**** MATERIAL SUPPLIED
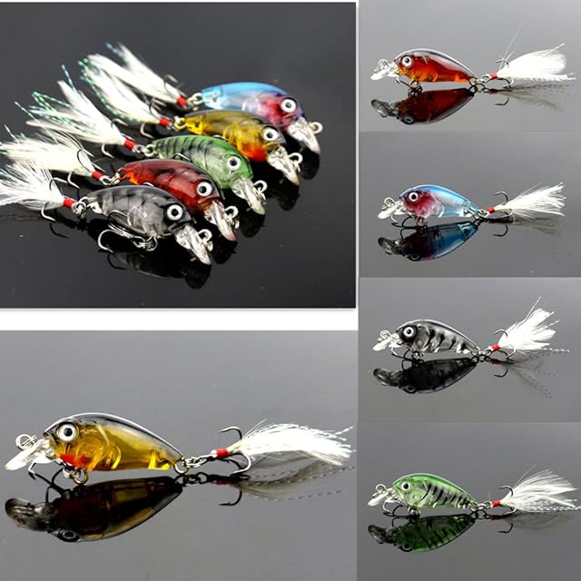 商品名:12個/ロット釣りルアーセットクランクベイトミニクランクベイト3Dフィッシュアイ人工ルアーベイト(フェザー付き)リアルライクなシミュレーション擬似ルアー
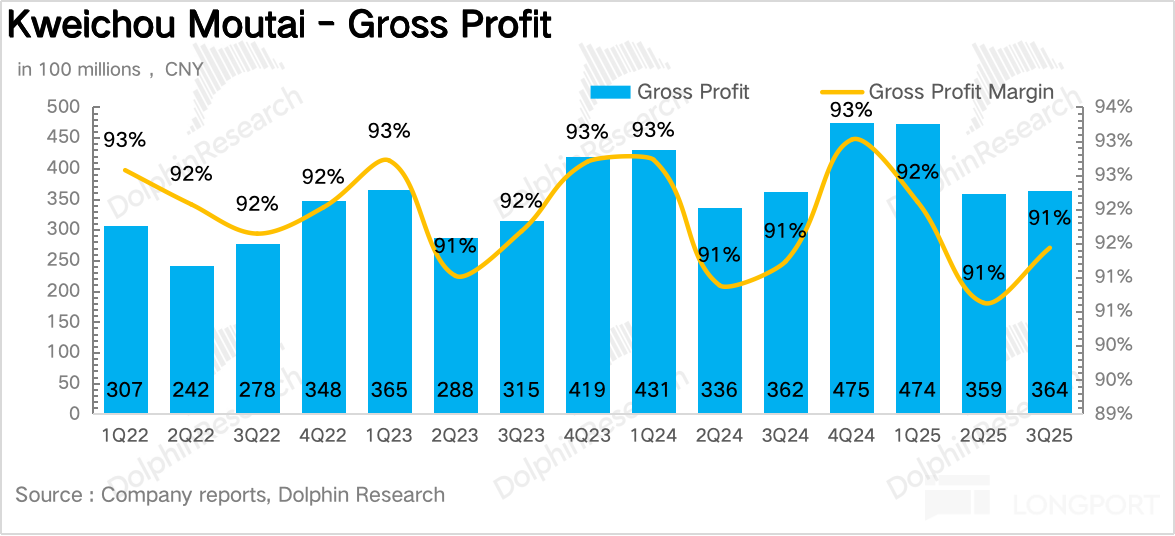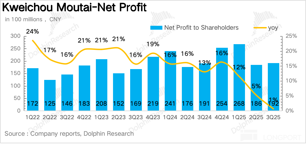 In fact, the continued slowdown in third-quarter performance could already be predicted from the sharp decline in contract liabilities in the second quarter (down 45% year-on-year), so Dolphin Research was not overly surprised. Therefore, market expectations are not very meaningful overall. In 3Q25, Moutai achieved a net profit attributable to the parent company of 19.22 billion yuan, a year-on-year increase of 0.6%, slightly faster than revenue growth.
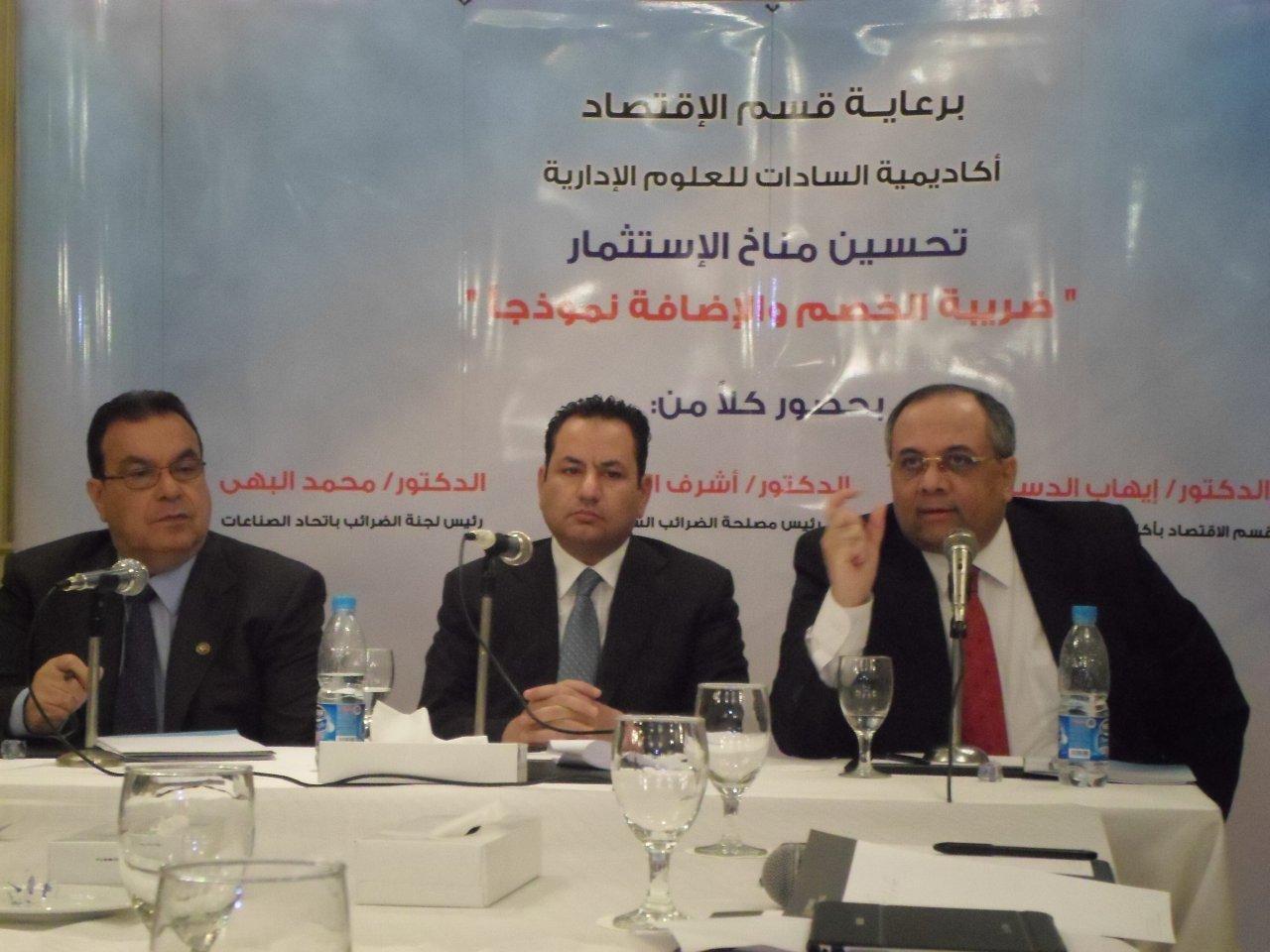تحت رعاية قسم الإقتصاد بأكاديمية السادات للعلوم الإدارية ،عقدت حلقة نقاشية حول التعديلات الضريبية الجديدة (نموذج ضريبة الخصم والإضافة) ومدى تأثيرها على المناخ الإستثمارى والإقتصاد المصري ككل،بحضور الدكتور إيهاب الدسوقى رئيس قسم الإقتصاد بأكاديمية السادات للعلوم الإدارية،والسيد محمد البهى رئيس لجنة الضرائب باتحاد الصناعات المصرية والسيد أشرف العربى رئيس مصلحة الضرائب السابق.
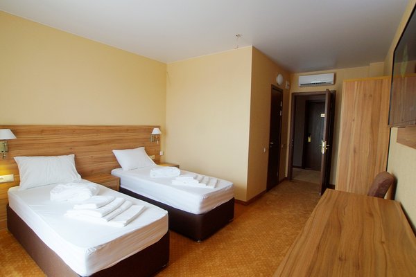 В трехэтажном здании отеля расположено 60 комфортабельных номеров различной категории: Стандарт, Полулюкс, Люкс двухкомнатный.
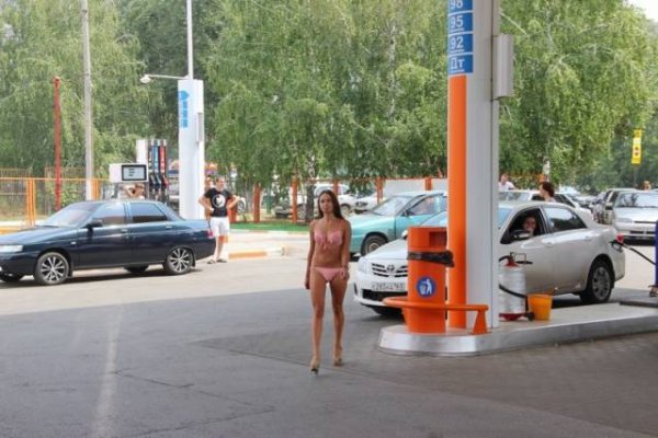 В град Самара местна бензиностанция е обявила повече от хубава промоция. Предлага безплатно гориво, но само на клиенти от женски пол и то по бикини. Оказва се, че желаещи не липсват. Нещо повече - редят се на опашка.
********
→ EXERCISE DIRECTIONS: Reproduce each entry exactly, without the pictures.

→ SOLVED PROBLEM:
 商品名:12個/ロット釣りルアーセットクランクベイトミニクランクベイト3Dフィッシュアイ人工ルアーベイト(フェザー付き)リアルライクなシミュレーション擬似ルアー
 In fact, the continued slowdown in third-quarter performance could already be predicted from the sharp decline in contract liabilities in the second quarter (down 45% year-on-year), so Dolphin Research was not overly surprised. Therefore, market expectations are not very meaningful overall. In 3Q25, Moutai achieved a net profit attributable to the parent company of 19.22 billion yuan, a year-on-year increase of 0.6%, slightly faster than revenue growth.
تحت رعاية قسم الإقتصاد بأكاديمية السادات للعلوم الإدارية ،عقدت حلقة نقاشية حول التعديلات الضريبية الجديدة (نموذج ضريبة الخصم والإضافة) ومدى تأثيرها على المناخ الإستثمارى والإقتصاد المصري ككل،بحضور الدكتور إيهاب الدسوقى رئيس قسم الإقتصاد بأكاديمية السادات للعلوم الإدارية،والسيد محمد البهى رئيس لجنة الضرائب باتحاد الصناعات المصرية والسيد أشرف العربى رئيس مصلحة الضرائب السابق.
 В трехэтажном здании отеля расположено 60 комфортабельных номеров различной категории: Стандарт, Полулюкс, Люкс двухкомнатный.
 В град Самара местна бензиностанция е обявила повече от хубава промоция. Предлага безплатно гориво, но само на клиенти от женски пол и то по бикини. Оказва се, че желаещи не липсват. Нещо повече - редят се на опашка.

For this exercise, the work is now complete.